The amazingly-named electrician Stanley Mann has been hermiting in his Fairwood, California home ever since the tragic death of his wife Carol in a car accident AND the onset of the Covid-19 pandemic, so the last thing he wants to deal with is the cheer of the holiday season or family togetherness.  He’s ignored his sister’s pleas to get together for Thanksgiving and is resolutely avoiding human contact or participating in holiday rituals as he indulges in some mourning.  Then his wife appears to him in a dream, demanding he get on with the process of living and telling him to participate in holiday celebrations again – something he barely did when she was alive.  She proceeds to haunt him during his waking hours forcing him through the customs of the holiday season.

Kindergarten teacher Lexie Bell* has no living family other than her young son, six-year-old Brock, who is the result of one of a string of failed dead-end relationships.
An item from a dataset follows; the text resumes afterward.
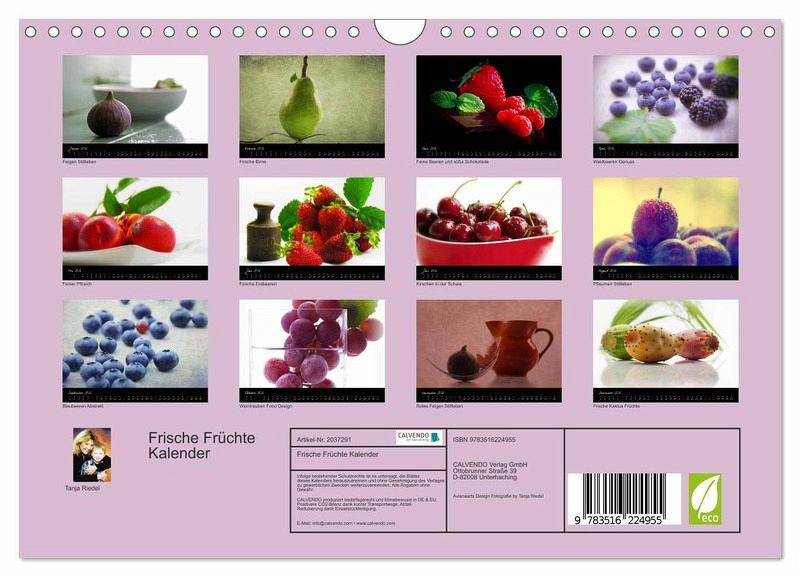 QUALITÄT - Hochwertiger Fotokalender mit 12 wunderschönen Motiven auf lichtbeständigem Bilderdruckpapier, robuste Spiralbindung mit Aufhängebügel.NACHHALTIG - deutliche Abfallreduzierung durch bedarfsgerechte Einzelstückfertigung, umweltfreundliches FSC-zertifiziertes Papier, Produktion in Deutschland, klimabewusste Logistik.PERFEKTES GESCHENK - Kalender für Freunde und Familie, für Kinder und Erwachsene, jung und alt, zu Weihnachten, Geburtstag oder zwischendurch.VIELFALT - Bildkalender in verschiedenen Formaten, z.B. DIN A5, DIN A4, DIN A3 sowie DIN A2. Ob Naturmotiv, Gemälde oder Fotos, ideal für ein persönliches Wohlfühlambiente.Ein toller Küchenkalender aus frischen Früchten. Ob exotische oder heimische Früchte, alles liebevoll arrangiert und appetitlich anzusehen. von Autor(in): Tanja Riedel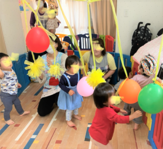室内で風船🎈のれんで遊びました。

When she buys the house next to Stanley’s and moves in just after Thanksgiving, it’s in the hope of trying to establish a happy and orderly life – and Christmas – for the boy.  Which means lights, tinsel and a traditional Christmas puppy**.  When Brock pops over to Stanley’s house to interrogate him – when Brock is supposed to be climbing a tree within his mother’s line of sight – it brings the two families in contact.
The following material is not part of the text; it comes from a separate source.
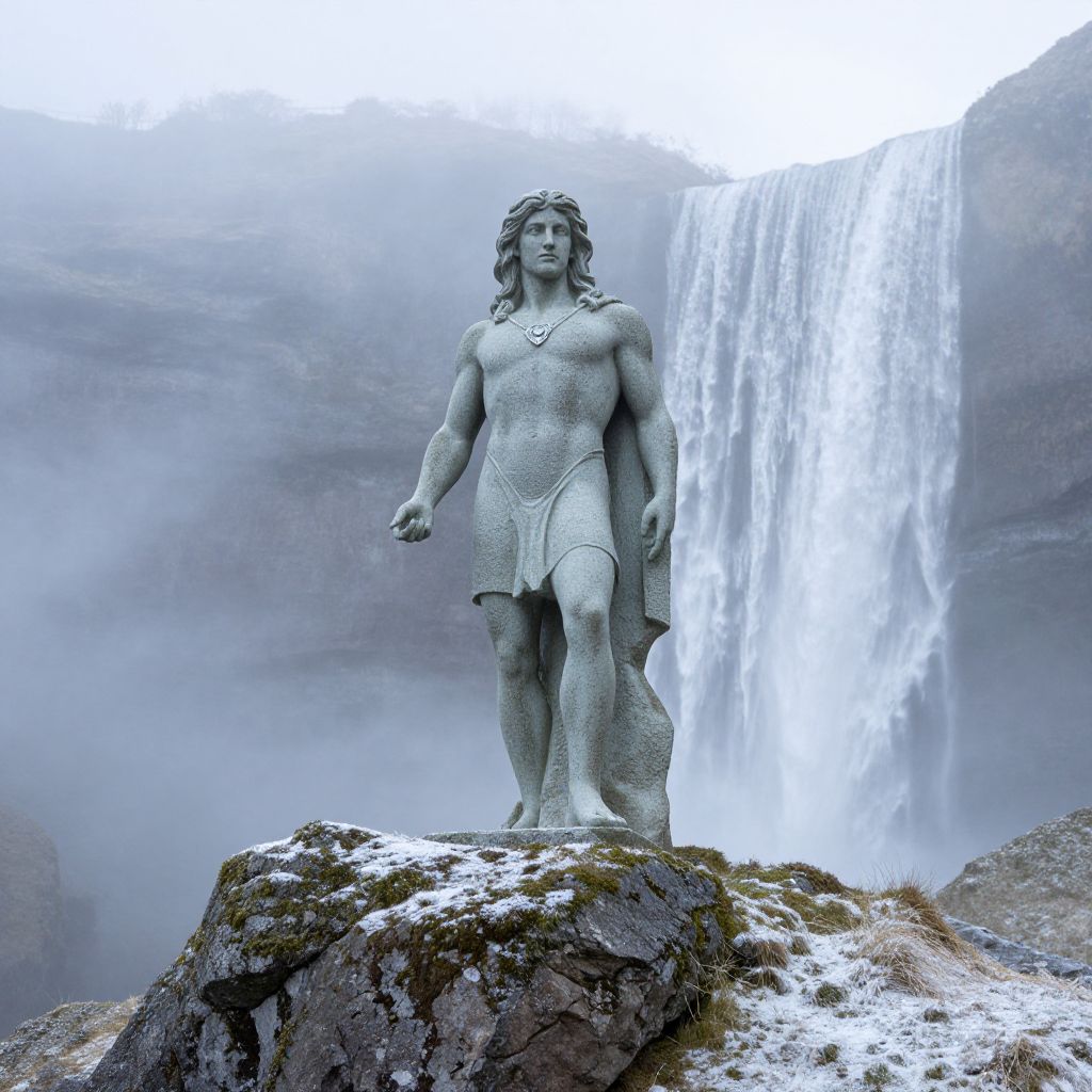 Two colossal stone titans sit eternally poised, their silent confrontation echoing the primal struggle between creation and destruction, as the valley below breathes with the rhythm of their unspoken dialogue.

Stanley does not want to be anyone’s adopted grandpa.  Lexie does not want to bother the lonely older man next door.  But thanks to Brock, the spectral Carol’s stubbornness, and a stray dog, the two of them begin to care about one another.
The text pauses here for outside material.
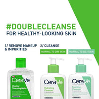 CeraVe Hydrating Micellar Water is a gentle, no-rinse cleanser designed to lift away makeup, dirt and impurities while supporting the skin’s natural protective barrier. This soothing formula refreshes the skin without stripping moisture, leaving it feeling clean, balanced plus comfortable.

A Little Christmas Spirit is, one should be aware right off the bat, not a flat-out romance.  It’s definitely fluffy women’s fiction, and definitely about Brock, Lexie and Stanley becoming a found family.  Even though Lexie and Stanley spend a lot of bonding time together – to the point where I honestly believed they were going to become an item – he becomes the dad she never had in a lot of ways.  While there are two secondary romances – Stanley’s ongoing love for and infatuation with the ghostly Carol, who is trying to get him to let go, and Lexie’s connection to the handsome Truman Phillips, whom she meets during the last third of the book – they are nowhere near as important as family bonding is to this book.  And I truly enjoyed the very sweet connection between this newfound family, which boosts this grade up to a B.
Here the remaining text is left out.